● **To do**
Transcribe exactly, and without pictures, the lines from the one that contains "今回のアップデートでは、パー" through the last line of the material.

====== Source material ======

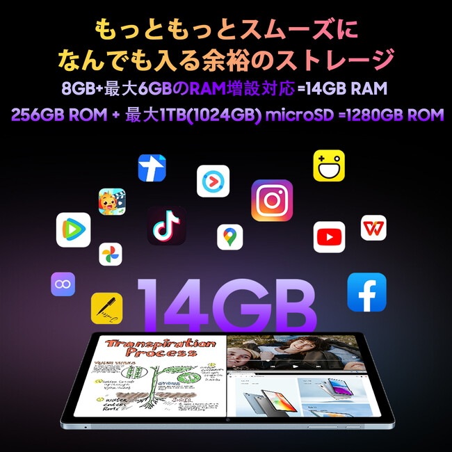 大容量メモリ(14GB(8GB+6GB拡張)RAM+256GB ROM+1TB TF拡張)
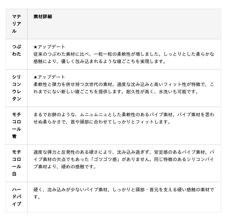 今回のアップデートでは、パーソナライズの精度向上につながる「枕の奥行き」にバリエーションを追加、使用する枕素材のアップグレードを行いました。
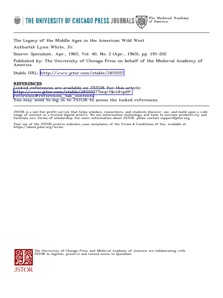 Lynn White Junior, The Legacy of The Middle Ages in The American Wild West

======

● **Written solution**
 今回のアップデートでは、パーソナライズの精度向上につながる「枕の奥行き」にバリエーションを追加、使用する枕素材のアップグレードを行いました。
 Lynn White Junior, The Legacy of The Middle Ages in The American Wild West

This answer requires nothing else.